Happy birthday to the ultimate Hollywood badass!

Thursday, March 30, 2006

Site 60 Vikings

I like to go camping. In particular, I like to go camping with groups of people that involve the Brothers Brown. There’s just something about adding Shannon and/or Kris Brown to a camping trip that makes it unique.

For those of you that may not know, Shannon is also known as Frumpkin, Frumpkinhead, Fuzzy Lumpkin, or Shannon Leigh Frumpkin. One can often hear an enraged yeti verbally berating Shannon with many a frumpy reference. Kris Brown on the other hand is known only as Kris Brown (always the full name, mind you). If you’re drunk, I might let you get away with calling him Brownie, but please ask for permission.

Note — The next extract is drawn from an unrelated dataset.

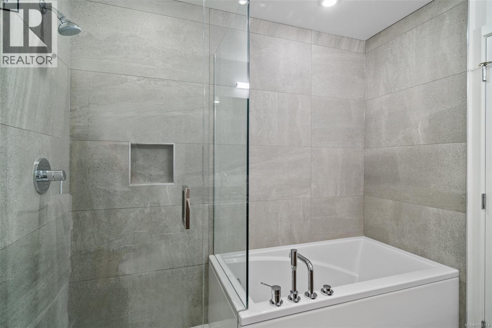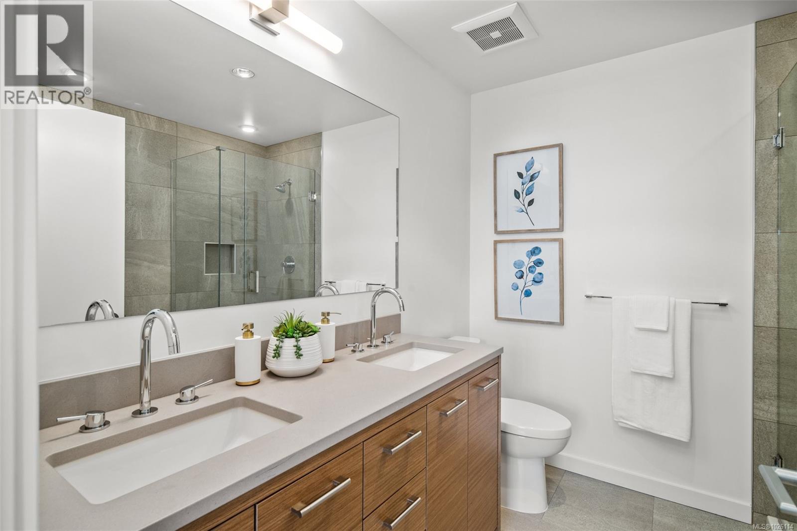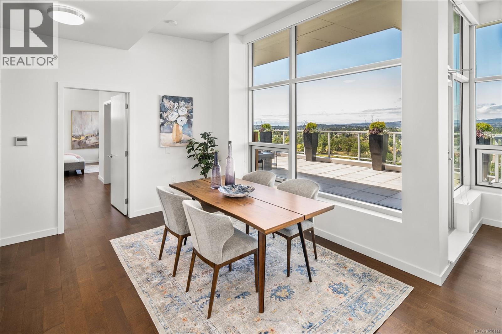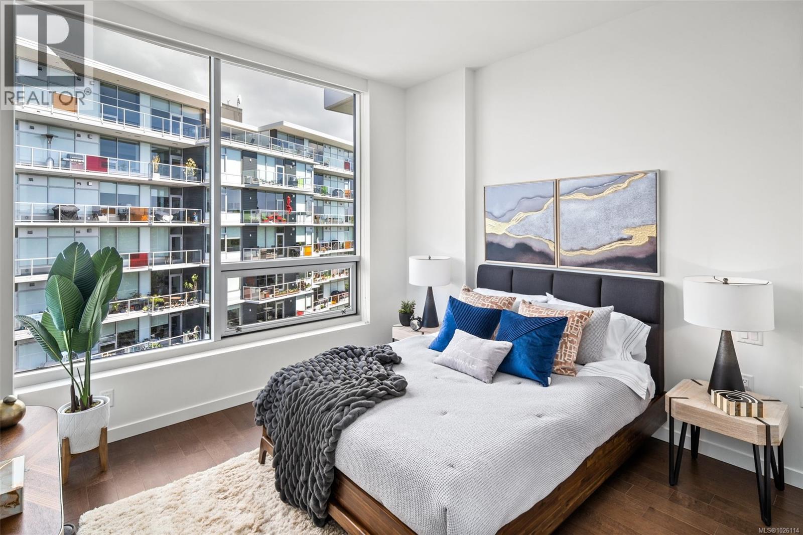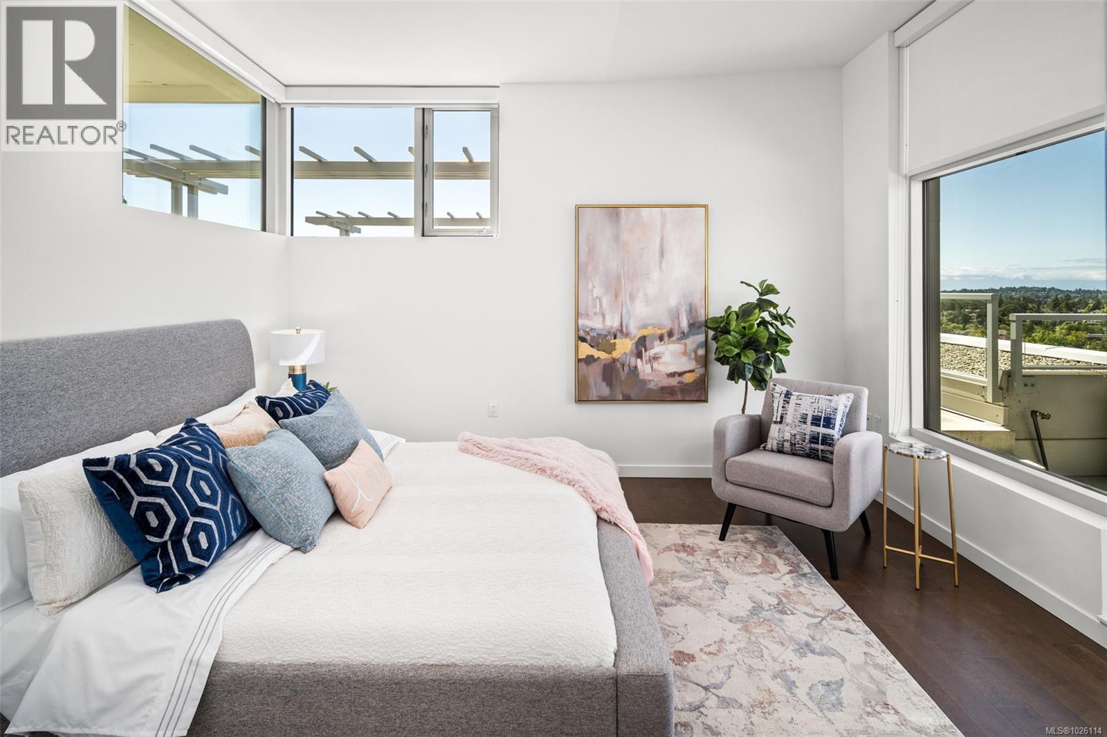 A Rare Penthouse Offering. The premier residence in this steel and concrete development and one of only two on its floor, this home is truly without equal. Nearly 1,600 sq.ft. of private terraces showcase 300° views from downtown Victoria to the Sooke Hills and Olympic Mountains. Inside, 1,568 sq.ft. of light-filled space features vaulted ceilings, expansive windows, built-in valences and heat pumps found only in penthouse homes. A split-bedroom layout ensures privacy, each with a deluxe ensuite, while most rooms enjoy private outlooks. The kitchen highlights include quartz surfaces, premium cabinetry and a huge island, flowing to an open living and dining room with a gas fireplace as a focal point. Outdoor living is unrivalled with an oversized balcony which includes a hot tub, three lighted arbours and a fire pit to create a retreat unmatched by any other unit. Two parking stalls closest to the elevator plus an oversized storage room add convenience. Pets are welcome too! Just 20 minutes from Sidney or downtown Victoria, with access to the Lochside and Galloping Goose trails. (30407726)

But back to the camping. When Shannon had his truck, he was a camping machine. This kid would roll up to a campsite with a tent, 2 coolers, 3 fishing poles, all the cooking implements you can think of, and a bed full of fire wood. We’d buy tubs of wood from the old man up the road for $3, and Shannon’s truck loved every minute of it. He made breakfast like you wouldn’t believe too. Shannon D. Brown can do things with eggs, meat, hot sauce, and an iron skillet that would make a grizzly bear attack itself. I think he got the skillet at Dick’s for like $12, so he’s also a bargain shopper.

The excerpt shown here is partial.